The problem
Repeat exactly the line with "根据《安徽省自然科学基金管理" and each line after it to the end of the data below; pictures stay out.

*** Opening of Source data ***

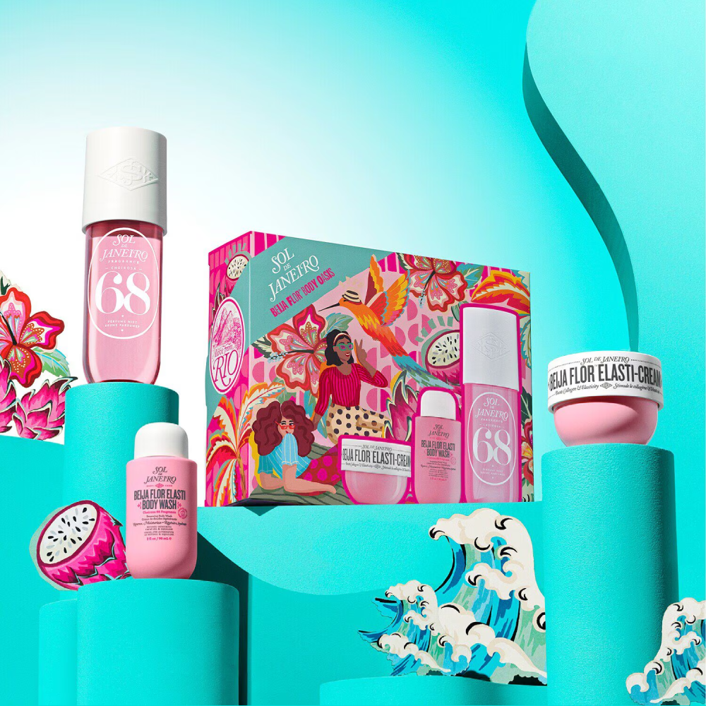 تضم هذه المجموعة الثلاثية عبوات صغيرة الحجم من كريم بيجا فلور™ إيلاستي وغسول بيجا فلور™ لتجديد بشرة الجسم، بالإضافة إلى رذاذ عطر شيروسا 68 بحجم كامل.
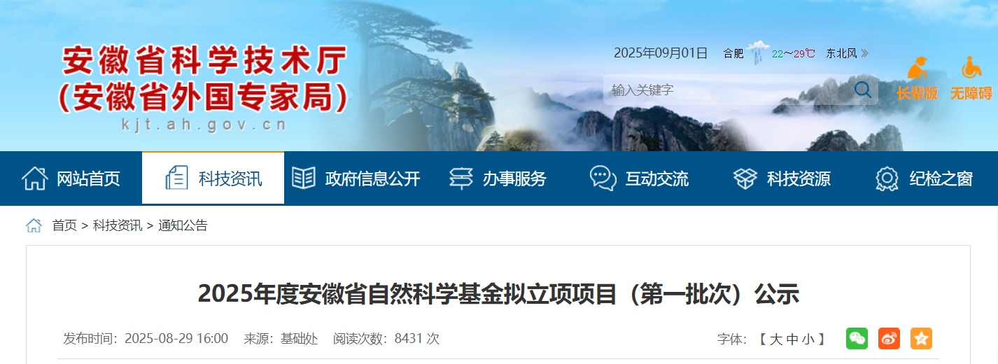 根据《安徽省自然科学基金管理办法(修订)》(皖科基奖〔2020〕16号),经组织申报、各依托单位推荐、形式审查、专家评审,现将2025年度安徽省自然科学基金青年项目(A类延续资助)、青年项目(A类)、青年项目(B类)、青年项目(C类)及面上项目的拟立项项目予以公示。公示期为7天,期间如单位和个人对公示的项目持有异议,请以真实身份向省科技厅书面反映并提供相应材料。提出异议的单位或个人应当提供联系方式,个人提出异议的,应当在书面异议材料上签署真实姓名;以单位名义提出异议的,应当加盖本单位公章。异议超出公示期限的不予受理。
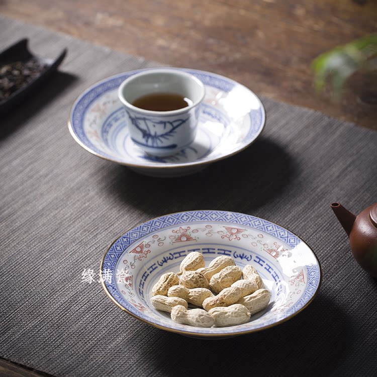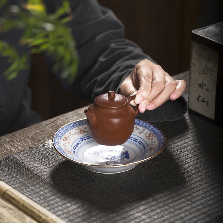 Jingdezhen Ceramic Tea Set 70s Bright Porcelain Factory Plus Color Sketching Golden Green Flower with six-inch soup pan nourishing pot tray

*** Close of Source data ***

Written solution
 根据《安徽省自然科学基金管理办法(修订)》(皖科基奖〔2020〕16号),经组织申报、各依托单位推荐、形式审查、专家评审,现将2025年度安徽省自然科学基金青年项目(A类延续资助)、青年项目(A类)、青年项目(B类)、青年项目(C类)及面上项目的拟立项项目予以公示。公示期为7天,期间如单位和个人对公示的项目持有异议,请以真实身份向省科技厅书面反映并提供相应材料。提出异议的单位或个人应当提供联系方式,个人提出异议的,应当在书面异议材料上签署真实姓名;以单位名义提出异议的,应当加盖本单位公章。异议超出公示期限的不予受理。
 Jingdezhen Ceramic Tea Set 70s Bright Porcelain Factory Plus Color Sketching Golden Green Flower with six-inch soup pan nourishing pot tray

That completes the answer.